Depending on charge mode, mine varies from 12.2 to 15.1 volts. This is all normal, according to the manual and what charging mode it is in. I've seen it dip to 12.1 while cruising, but then it jumps back up to 12.2. I've also seen it hit 15.2 (when cold) for a few seconds, and then back down to 15.1. Mine is the diesel with the AGM battery.


----------



## ChevyGuy (Dec 13, 2014)

According to this chart if you're at 12.6V or below on a AGM, you're at 75% capacity, or 25% discharged.

If you were cruising along at 12.2 and pulled over and stopped, the re-start could be interesting.

There's only two reasons I can think of for it to be that low. The computer might have turned off the alternator for acceleration and forgot to turn it back on, or the battery current sensor is showing a high charge current.

If it was me, I think I'd set up Torque Pro with graphing and monitor some things to see if I could see a pattern.


----------



## jblackburn (Apr 14, 2012)

I can confirm that a Cruze can still start at voltages THIS low...

Course, you could probably start this motor with a pull-string were one attached 










If it drops to 12.2 while driving, you might indeed have a battery cable issue. My car seems to like to keep my new AGM battery "charged" to 12.5-12.6V.


----------



## NickD (Dec 10, 2011)

Don't agree with that huge voltage variation. Get yourself a digital voltmeter like this one, 12 bucks on ebay or one equivalent, you want a 200 millivolt range.

Pro Digital Voltmeter Ammeter Ohmmeter Multimeter Volt Tester Meter MS8233B Le | eBay

With the engine at idle, blower at max, head lamps on, 200 mv DC range, touch one probe directly to the negative battery terminal, not the cable clamp. Other to where its grounded next to the radiator. Should read less than 10 millivolts. I was reading 2.1 volts on mine with this problem. Do the same for the positive battery terminal to that aluminum plate.

Typically all these parts are the same, taking my old negative battery apart, namely the clamp end, very poor point contact connection in there. New cable with the same test, instead of dropping 2.1 volts, dropped down to 0.0047 volts or 4.7 mv. My positive clamp was good at 6.4 mv.


All that reving and so forth that jblackburn did, under various loads, held constant at 14.7V on the DIC. When the temperature was like -30*F before this problem occurred, was reading around 15.1V, normal, the colder it gets, the higher the charging voltage needs to be.

At 105*F, will drop and hold at the 13.5 volt range, so-called negative temperature coefficient of a battery.

Reason why mine was dropping well below this range, that extra 2.1 volts added to the voltage regulator setting, kicking the alternator into overvoltage mode where it will completely shut off. And the DIC was not constant, always varying between, 12.6 volts and 15.5V.
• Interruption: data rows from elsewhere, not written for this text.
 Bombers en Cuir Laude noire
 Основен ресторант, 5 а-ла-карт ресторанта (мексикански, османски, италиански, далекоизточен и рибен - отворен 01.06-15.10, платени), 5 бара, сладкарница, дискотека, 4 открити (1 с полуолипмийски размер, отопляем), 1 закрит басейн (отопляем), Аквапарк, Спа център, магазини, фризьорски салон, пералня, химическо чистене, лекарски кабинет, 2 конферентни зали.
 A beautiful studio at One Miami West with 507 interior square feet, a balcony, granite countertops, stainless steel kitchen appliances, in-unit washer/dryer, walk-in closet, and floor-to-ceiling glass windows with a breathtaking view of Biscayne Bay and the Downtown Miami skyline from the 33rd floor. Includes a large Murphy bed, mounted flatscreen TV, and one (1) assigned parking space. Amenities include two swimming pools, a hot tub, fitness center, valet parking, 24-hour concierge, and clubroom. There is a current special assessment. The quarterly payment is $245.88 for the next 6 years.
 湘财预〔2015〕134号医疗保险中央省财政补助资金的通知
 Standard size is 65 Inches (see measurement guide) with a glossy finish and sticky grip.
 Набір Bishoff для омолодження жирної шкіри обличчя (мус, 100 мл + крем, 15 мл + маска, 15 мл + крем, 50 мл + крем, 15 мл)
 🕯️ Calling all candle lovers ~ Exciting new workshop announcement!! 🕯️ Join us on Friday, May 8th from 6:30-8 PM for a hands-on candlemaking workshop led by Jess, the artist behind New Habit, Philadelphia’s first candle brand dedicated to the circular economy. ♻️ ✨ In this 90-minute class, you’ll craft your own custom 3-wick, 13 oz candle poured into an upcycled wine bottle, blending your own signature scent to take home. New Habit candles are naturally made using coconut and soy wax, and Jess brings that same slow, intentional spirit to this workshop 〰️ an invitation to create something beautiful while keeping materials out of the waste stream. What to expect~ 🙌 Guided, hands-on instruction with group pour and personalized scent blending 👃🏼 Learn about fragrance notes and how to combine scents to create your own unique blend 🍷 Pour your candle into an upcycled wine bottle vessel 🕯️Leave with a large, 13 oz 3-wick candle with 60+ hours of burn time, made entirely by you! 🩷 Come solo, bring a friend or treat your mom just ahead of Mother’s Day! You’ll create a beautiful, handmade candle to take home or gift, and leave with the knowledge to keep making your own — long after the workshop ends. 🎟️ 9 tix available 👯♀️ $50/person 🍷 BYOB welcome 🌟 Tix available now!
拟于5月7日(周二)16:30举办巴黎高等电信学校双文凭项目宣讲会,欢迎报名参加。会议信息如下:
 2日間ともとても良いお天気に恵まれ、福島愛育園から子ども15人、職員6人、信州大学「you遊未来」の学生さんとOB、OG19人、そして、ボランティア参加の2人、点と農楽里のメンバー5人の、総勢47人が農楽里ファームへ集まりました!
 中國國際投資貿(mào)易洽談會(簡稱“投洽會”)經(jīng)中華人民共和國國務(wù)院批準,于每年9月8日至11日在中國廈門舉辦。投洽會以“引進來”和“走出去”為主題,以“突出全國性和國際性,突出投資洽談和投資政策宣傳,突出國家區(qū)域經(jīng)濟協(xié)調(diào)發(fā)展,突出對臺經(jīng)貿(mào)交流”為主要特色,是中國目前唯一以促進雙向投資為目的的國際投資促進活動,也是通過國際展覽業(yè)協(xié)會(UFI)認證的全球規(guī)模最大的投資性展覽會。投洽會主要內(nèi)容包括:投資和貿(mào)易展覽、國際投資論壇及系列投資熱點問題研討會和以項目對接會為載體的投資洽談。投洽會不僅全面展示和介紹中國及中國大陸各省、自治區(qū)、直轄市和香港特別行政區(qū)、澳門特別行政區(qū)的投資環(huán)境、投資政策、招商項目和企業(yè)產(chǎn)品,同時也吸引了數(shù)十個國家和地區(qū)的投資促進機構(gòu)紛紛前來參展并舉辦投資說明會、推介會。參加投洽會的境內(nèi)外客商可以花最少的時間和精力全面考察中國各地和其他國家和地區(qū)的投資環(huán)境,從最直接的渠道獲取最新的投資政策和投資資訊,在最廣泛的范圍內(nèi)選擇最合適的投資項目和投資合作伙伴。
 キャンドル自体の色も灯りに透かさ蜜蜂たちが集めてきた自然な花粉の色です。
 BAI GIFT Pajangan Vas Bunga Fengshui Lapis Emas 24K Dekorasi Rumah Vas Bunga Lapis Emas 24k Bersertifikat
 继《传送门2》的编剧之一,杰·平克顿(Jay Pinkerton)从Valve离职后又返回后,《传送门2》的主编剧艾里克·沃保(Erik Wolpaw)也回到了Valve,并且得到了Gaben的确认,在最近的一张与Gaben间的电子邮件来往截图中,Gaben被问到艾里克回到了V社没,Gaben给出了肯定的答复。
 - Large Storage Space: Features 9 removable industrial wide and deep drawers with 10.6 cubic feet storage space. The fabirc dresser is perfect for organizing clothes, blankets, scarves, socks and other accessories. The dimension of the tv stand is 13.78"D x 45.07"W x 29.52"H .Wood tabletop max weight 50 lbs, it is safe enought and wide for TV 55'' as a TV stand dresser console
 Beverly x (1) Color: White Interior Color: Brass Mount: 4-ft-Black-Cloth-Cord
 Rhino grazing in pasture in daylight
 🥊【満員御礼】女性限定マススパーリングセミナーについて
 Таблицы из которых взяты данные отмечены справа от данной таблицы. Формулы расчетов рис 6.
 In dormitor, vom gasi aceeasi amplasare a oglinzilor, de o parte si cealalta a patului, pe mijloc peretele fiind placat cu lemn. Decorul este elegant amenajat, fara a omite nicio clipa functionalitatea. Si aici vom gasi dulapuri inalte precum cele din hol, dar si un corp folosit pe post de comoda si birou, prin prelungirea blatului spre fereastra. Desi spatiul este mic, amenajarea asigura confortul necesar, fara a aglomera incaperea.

On checking the state of charge of the battery, was low at 12.4 volts, even under no load with the bad cable, that after running the engine for awhile, then shutting it off, read 12.9 volts at 70*F, now its fully charge. That low charge leads to sulfation, more problems.


----------



## au201 (May 18, 2013)

Decided to graph the battery voltage on my phone app with an OBD2 dongle on my 40 minute drive...min value was 13.5V, max 14.4. And yes, I had floored it a few times in this drive. Doesn't seem to change the voltage when I do. For most of this, the blower and headlights were off. I did turn the A/C on full blast for a minute...no change in voltage. It was 14.4 at that time. Very interesting stuff.


----------



## ChevyGuy (Dec 13, 2014)

au201 said:


> min value was 13.5V, max 14.4.


Between 13.0 and 15.5, I wouldn't worry about the voltage. It may vary depending on underhood temperature and charge state of the battery. If possible, graph the battery current as well. That may tell the story.


----------



## NickD (Dec 10, 2011)

Early automotive systems did use current as an indication of the state of charge of a battery. Used a zero center ammeter when the meter switched to the right with a + sign, battery was charging, meter was located in series with one of the battery leads. Or to the left, -, was discharging. With 6 volt systems, and a brush type generator, discharging was quite common at idle.

The way you knew your battery was fully charge is to drive at above 1,500 rpm, and the needle was at zero. If you had problems starting your vehicle draining the battery, that needle would swing as far to the right as it could because the battery required to be recharged. But once charge, meter would center, switching on the head lamps, didn't make any difference, the output of the generator had to increase, but as long as the battery was fully charged, that needle would stay at zero.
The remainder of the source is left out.